[RFC] First (incomplete) cut of Xen paravirt binding

jeremy at goop.org (Jeremy Fitzhardinge) · Fri, 28 Jul 2006 11:55:33 -0700

Hi Eric,

Thanks for having a look at this.

Eric W. Biederman wrote:
> The linux 32bit entry point is well defined.
> %ebx holds the cpu number from a bootloader it must be 0.
> %esi holds a pointer to the linux parameter blob, that is usually
> filled in with BIOS calls.
>
> If you need hypervisor information at boot time and none of the
> existing parameters in %esi will suffice, bump the boot protocol
> version and allocate another variable.  And find that variable
> through %esi.  It's an extra instruction but not too hard.
> Bumping the boot protocol is probably desirable anyway because
> it will all reporting that the kernel can be paravirtualized.
>
> /sbin/kexec ultimately has to operate in all of these environments,
> and it would be insane if the bootloader had to be modified for a
> different calling convention for each environment.  If another 
> bootloader is being used it can be taught how to impedance match
> between linux and the hypervisor environment, that is the job of
> a bootloader.
>
> For those environments where paravirtualization is just an optimization
> we mostly likely want the detection to happen in arch/i386/boot/setup.S
> if it needs to happen early.
>
> As small food for thought.  There is currently work in progress to
> place an ELF header at the start of the bzImage to export the 32bit
> entry point, and to export the capability of the kernel being
> relocated.  
>
> Hopefully we can get to the point we can boot a standard bzImage
> kernel on the hypervisors as well.  Even if we can't use the 16bit
> entry point.
>   

There are a few significant differences between a Xen boot up and a 
native one:

    Xen has already set up a clean flat 32-bit environment with paging
    enabled, so there's very little setup needed before getting into
    start_kernel (basically it just needs to set %esp and make sure the
    D flag is clear).  We definitely don't want to be going into the
    16-bit entrypoint.

    The kernel is running in ring != 0, so ring0 instructions will
    fault, and popf misbehave.   Xen can (and does) emulate some of the
    ring0 instructions, but not necessarily enough to deal with
    startup_32 (I haven't looked at this in detail yet).  Either way,
    startup_32 would need to be modified to avoid the difficult cases.

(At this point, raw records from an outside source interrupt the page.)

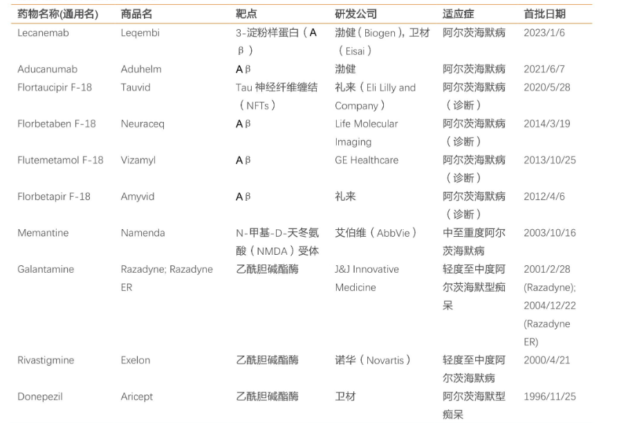 在2021年之前,FDA仅批准过6种治疗AD的药物,包括:他克林(Tacrine)、多奈哌齐(Donepezil)、卡巴拉汀(Revastigmine)、加兰他敏(Galantamine)、美金刚(Menantine)以及美金刚/多奈哌齐复方制剂。
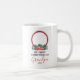 Navidades personalizados taparrabos de café con una foto de su nieto con un borde rojo de dos tonos, árboles navideños acuarelas, una camioneta roja y el lindo dicho "mi primera navidad como abuelo", y el año.
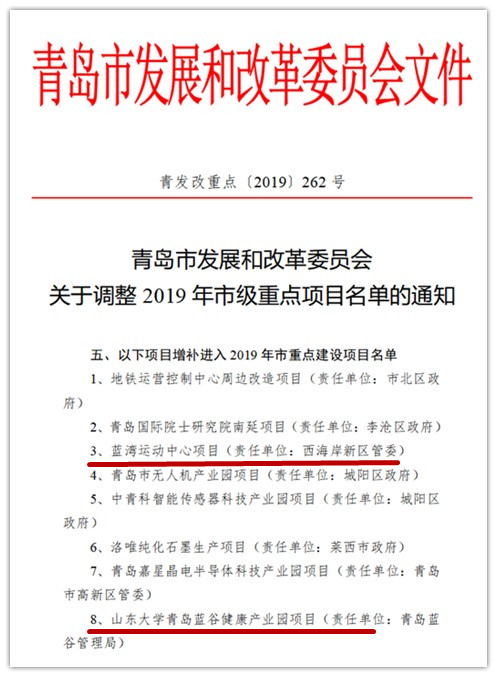 9月20日,青岛市发改委发布了《关于调整2019年市级重点项目名单的通知》,其中由鲁商健康产业发展股份有限公司(以下简称鲁商发展)开发打造的两个项目被增补进入2019年青岛市重点建设项目名单,分别是蓝湾运动中心项目和山东大学青岛蓝谷健康产业园项目。青岛市重点项目将在用地、资金、审批等方面获得政策支持。
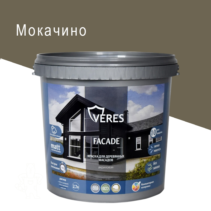Главная МАГАЗИН ЛКМ Kраски Veres КРАСКА «FACADE» ДЛЯ ДЕРЕВ.ФАСАДОВ АКРИЛ МОКАЧИНО 2,7 Л
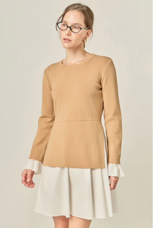 - Long sleeves with flared cotton hem
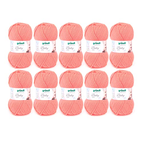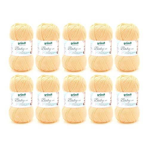 Gründl Baby uni stickgarn/virkgarn (OEKO-TEX certifierad babyull, slitstark och lättskött, 70% polyakryl 30% polyamid, 50 g/150 m, nåltjocklek: 3,5 – 4,5, 10 x 50 g), aprikos
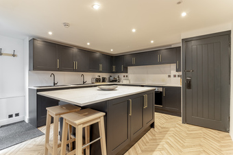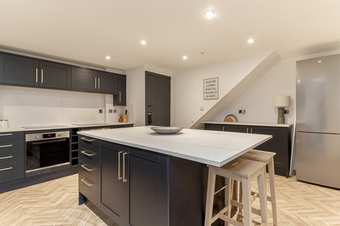 Upon entering, you are greeted by a welcoming entrance hall that provides access to all floors. The ground floor features three generously sized bedrooms, each with en-suite facilities, ensuring comfort and privacy for occupants. The lower ground floor boasts a beautifully appointed breakfast kitchen, complete with a large central island and integrated appliances. This open-plan space seamlessly connects to a dining area, creating an inviting atmosphere for gatherings. Additionally, a bathroom/utility room is conveniently located on this level, and a rear access door from the kitchen leads to two car parking spaces, adding to the property’s practicality.
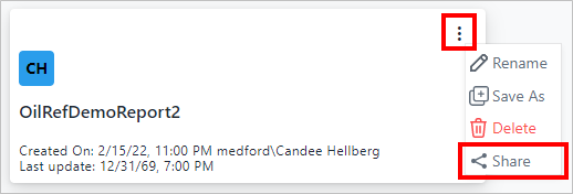 vertical ellipsis in the top-right corner of the report block, then choose Share (as shown in Figure 391).
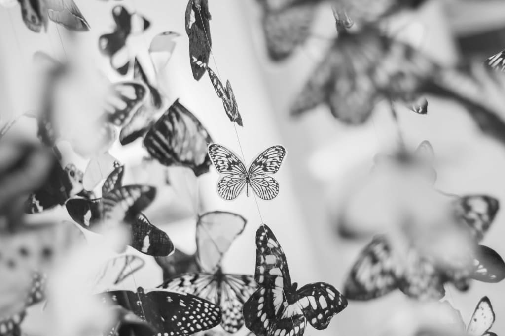 Her features reveal themselves as I step closer, and I’m confronted with a five year old me, with braided hair and butterfly clips galore.
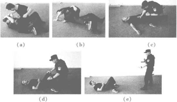 将对方翻转成功后击打其腹部或裆部使其被动防卫随后按压其双膝并快速起身、后撤与其保持安全距离并进行口头警告同时拿取警械、武器对其进行控制(见图4-49、、)。
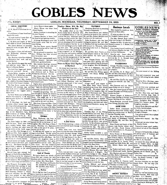 Gobles news. Vol. 36 no. 1 (1925 September 24)
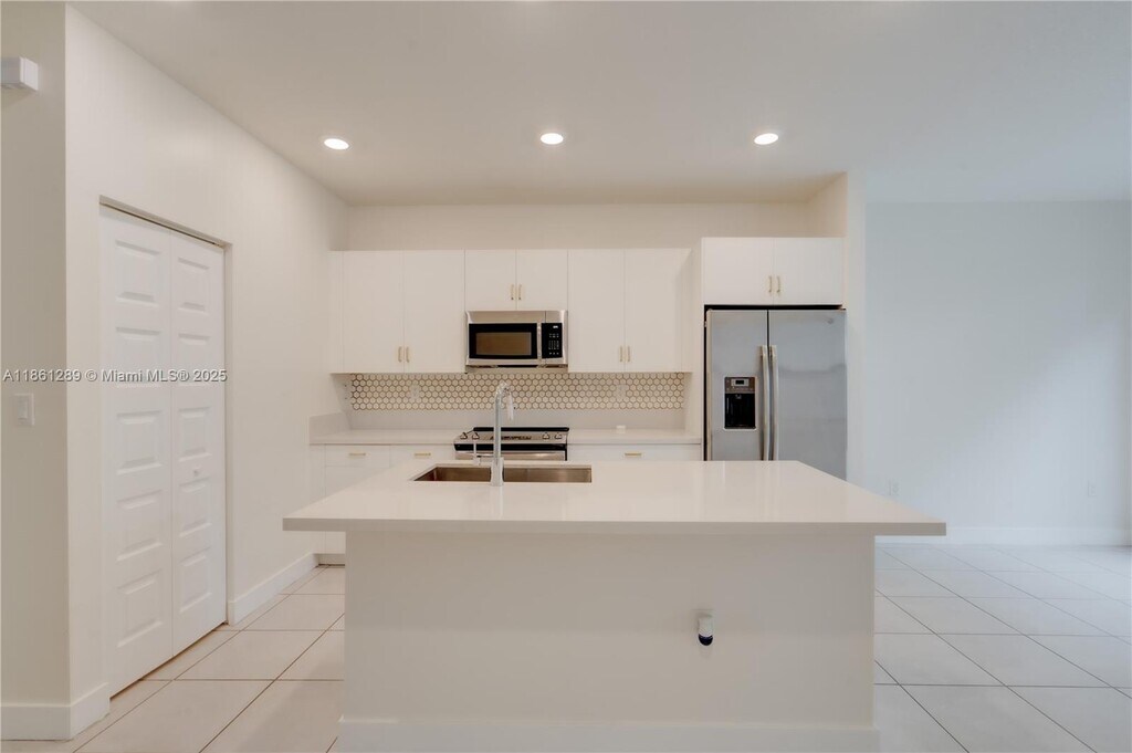 Welcome to Satori, an exclusive luxury gated community in Miami Lakes. This 3-bedroom, 2.5-bath home features a beautifully designed interior with a spacious kitchen, quartz countertops, ample cabinetry, and stainless steel appliances. Enjoy the open living and dining area with a convenient half bath downstairs. The fenced yard provides outdoor privacy, while upstairs you’ll find three bedrooms, including a primary suite with a large walk-in closet. Community amenities include a resort-style pool and spa, splash park, fitness center, and clubhouse. Located near top-rated schools, shopping, and dining—perfect for family living!
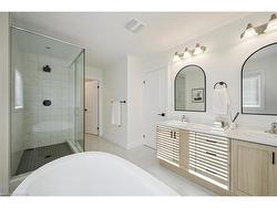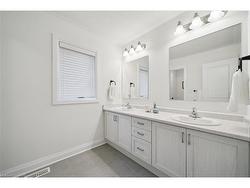 Discover your dream home in the heart of Kitchener's new, family-friendly Trussler West community. Nestled on a quiet street, this exquisite 2,382 sq.ft. residence blends tasteful modern finishes with timeless craftsmanship, creating a truly magnificent living space. From the moment you arrive, the home impresses with its classic brick facade and a double-car garage offering parking for four vehicles. Step into a bright, open-concept main level where 9-foot ceilings & continuous engineered hardwood floors establish a modern, airy atmosphere right from the foyer. The living and dining areas, illuminated by pot lights and chandeliers, create the perfect ambiance for both entertaining guests and quiet family evenings. The heart of the home is the stunning modern kitchen, a chef's delight featuring a large quartz centre island,custom backsplash,extended cabinetry, and stainless steel appliances. From here, slide open the doors to a walk-out deck. A main-floor office provides a quiet space for work or study. Upstairs, the primary bedroom serves as a personal sanctuary,a large walk-in closet, and a luxurious ensuite. Unwind in the elegant soaker tub or the spacious glass shower, and appreciate the privacy of a separate water closet and the convenience of double sinks. Three additional generous bedrooms share a well-appointed 5-piece main bath, thoughtfully designed with a water closet and double sinks to streamline morning routines. The home's potential continues with a large, unfinished basement-a blank canvas awaiting your personal touch. This Net Zero home is future-ready, with rough-ins for solar panels, an electric vehicle charger, and a basement bathroom and bar. Enjoy the perfect balance of tranquil nature, with the trails of Trussler Woods nearby, and commuter convenience, with easy access to Highways 7/8 & the 401. You're also just minutes from major shopping hubs like the Sunrise Shopping Centre. This is more than a house-it's the home you've been waiting for.

    Xen also supports privileged kernels which run in ring 0, but
    they're stlil fully paravirtualized kernels; they should not use
    their ring0 status to set up the processor state without doing it
    through Xen.

    At present, Xen also passes a pointer to an info-block in %esi.  We
    could hang that off a normal boot params block if that looked like a
    useful thing to do.

    Also, the set of supported CPUs is smaller, so most of the cpuid
    stuff is reundant.  It would also need to be redone using the Xen
    version of cpuid to get a correct set of information.

This all makes me think it would be more awkward than helpful to have 
the Xen boot path go through the normal startup_32 path.

Zach proposed a change to the beginning of startup_32 to see if its 
running in ring != 0 or if paging is already enabled, and then jumping 
to a startup_paravirt entrypoint.  That's workable, but it essentially 
means we're creating a distinct hypervisor boot protocol.  That's not 
necessarily a bad thing - and it could be made to look more like the 
normal boot protocol - but because the setup code is so simple there 
doesn't seem to be a lot to be gained from it.  In the Xen case, it 
makes more sense to simply have a separate Xen-specific entrypoint to do 
a little bit of setup before jumping into start_kernel.

    J